Agenda item

REPORT ON INVESTMENT PANEL ACTIVITY

Minutes:

The Assistant Investments Manager presented the report.

 

Liability Management

 

He reminded Members that the aim was to put a framework in place to manage the mismatch between the changes in the value of assets and liabilities over time, thus allowing the Fund to minimise funding level volatility and stabilise employer contribution rates more effectively. In June the Committee had requested the Panel reviewed the range of investment options available to more effectively manage liability risks, how they could be implemented and the cost. The Panel had taken two decisions as noted at 4.2 a) and 4.2 b). The interim step recommended in 4.2 a) would be beneficial irrespective of whether the full proposal was eventually implemented, and would not reduce the expected return on assets.

 

Rebalancing policy

 

The policy of the Fund is to rebalance the portfolio back to the target allocations after market movements cause allocations to vary by a certain amount. Rebalancing is important because it ensures that the Fund is invested in accordance with strategic asset allocations.
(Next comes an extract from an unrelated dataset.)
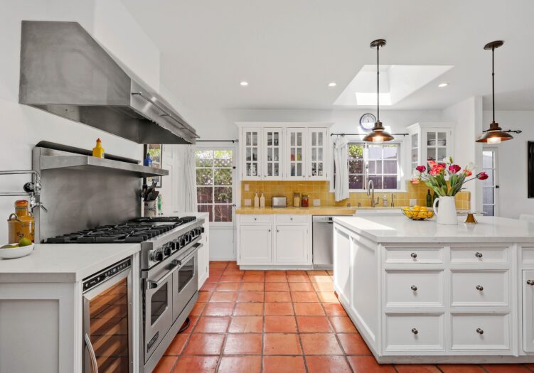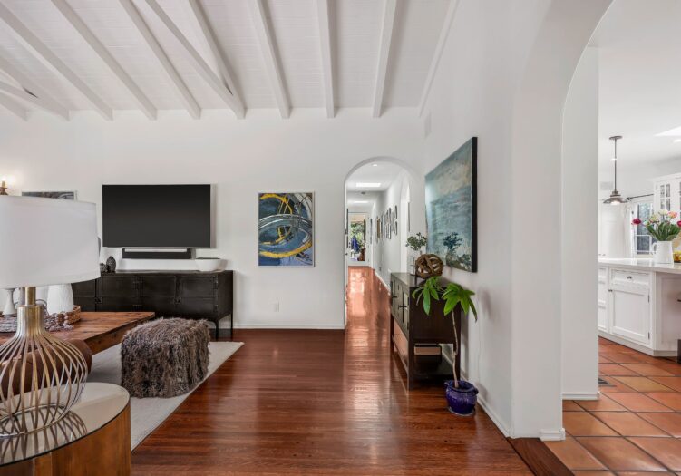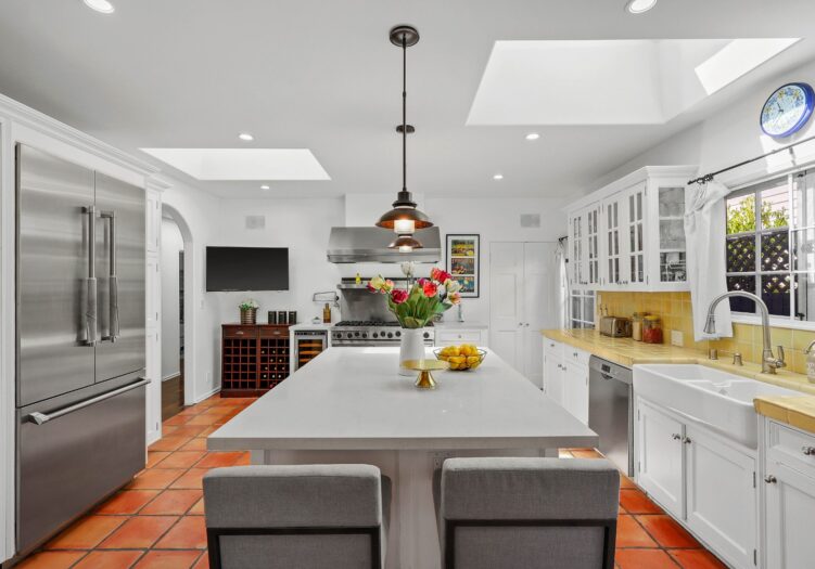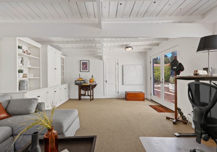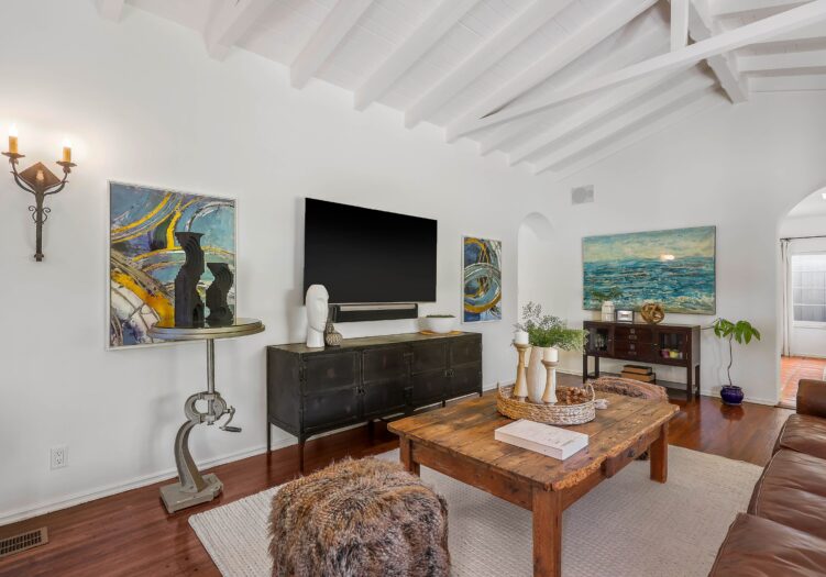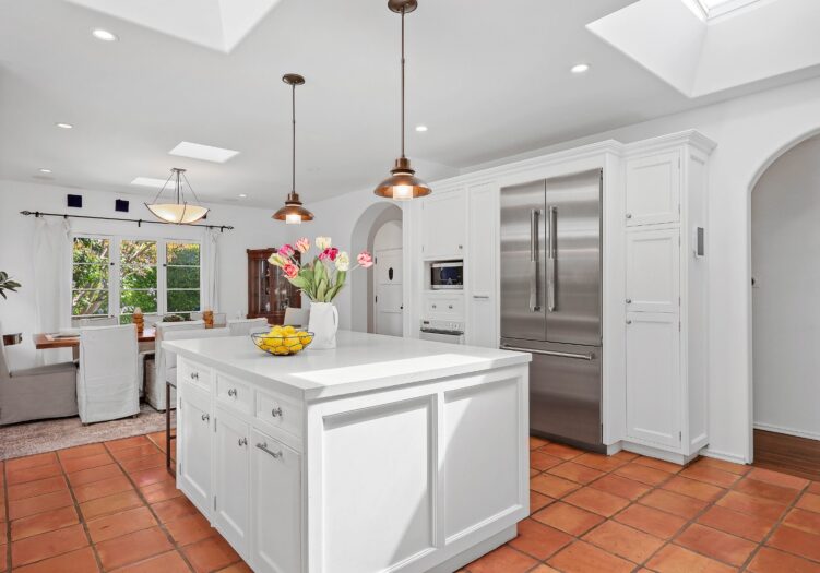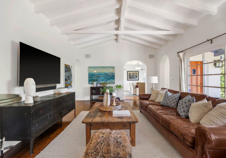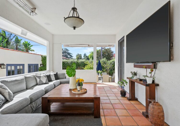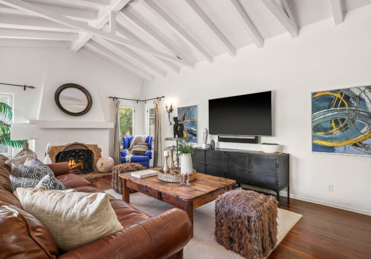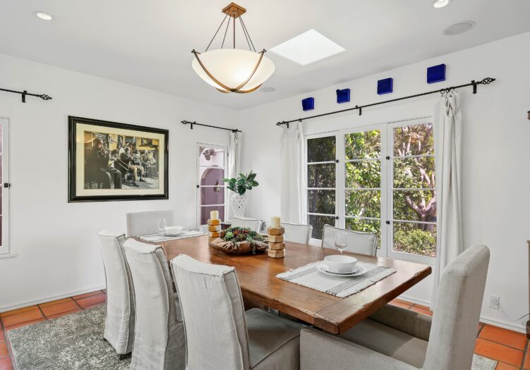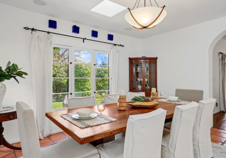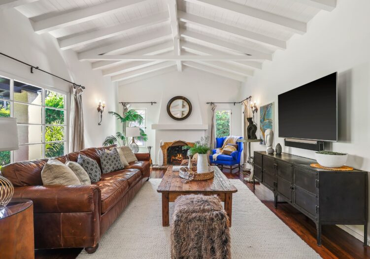As you walk in through this gated charming entrance, you are greeted with a Zen like feeling! This special Romantic Renovated 1930's Spanish Single Story home encompasses vaulted beam ceilings in the living room with a cozy fireplace which leads to a sumptuous state of the art kitchen with top of the line stainless appliances and large island, breakfast bar, plus dining room for family gatherings! The house also entails hardwood floors throughout, beautiful archways and period built-ins plus loads of natural light and skylights! Two other generous sized bedrooms share a bathroom. The oversized primary suite has floor to ceiling doors overlooking the beautiful yard, large sumptuous bathroom with soaking tub, skylights and walk-in closet! As you walk outside you are greeted with a covered media/family room which is great for entertaining!! The yard has a fire pit area and is currently planted with drought conscious desert landscape which gives you plenty of room to create your own personal oasis and room for a pool! The detached garage was made into an office and 1BR guest suite with a bathroom. Garage can be converted back and still have a guest house/outside office! Upgraded tankless water heater, water filter system throughout, electric vehicle charger and back-up generator. Close to restaurants & shopping and all Montana Ave. has to offer! This one won't last!

It can also add value over time as it forces selling of relatively expensive assets and the purchasing of relatively cheaper assets. The Committee was invited to agree the recommended changes to the rebalancing policy as set out in 4.3 a) of the report.

 

A Member expressed concern about the potential for overtrading. He was unable to find information in the papers about how often illiquid assets would be rebalanced. The Investments Manager referred to line 7 of the table on page 171 of the agenda. Mr Turner said that he did not think overtrading would take place; he considered that the proposed new policy would establish a much clearer framework for decision making. The Member requested that the Investment Panel should monitor trading frequency. Mr Turner suggested that the main issue would be ensuring that the Fund was close to the target allocation of some asset classes, which depended on the draw-down period and whether the manager had called on all the capital that the Fund had committed. The Fund might also find that it was below a target allocation, because the value of other assets had risen, in which case it would a question of catching up, rather than rebalancing back.

 

The Investments Manager said that it was proposed that a workshop on the funding strategy should be combined with a workshop on the concept of liability-driven investment (LDI), after which Mercer would draft a framework to be considered by the Panel before it came to Committee. The LDI strategy should be considered as part of the valuation debate.

 

RESOLVED:

 

  1. To agree the recommendation to increase the benchmark allocation and allocation range to index-linked gilts as at paragraph 4.2 a) of the report, to better match liabilities.

 

  1. To note the decision by the Panel to prepare a framework to more effectively use the investment assets to match the liabilities, as set out in paragraph 4.2 b) of the report.

 

  1. (insertion authorised by the Committee, as reported in Minute 59 of the meeting of 9th December 2016:) To agree the recommendation to adopt the proposed rebalancing policy as at 4.3 a).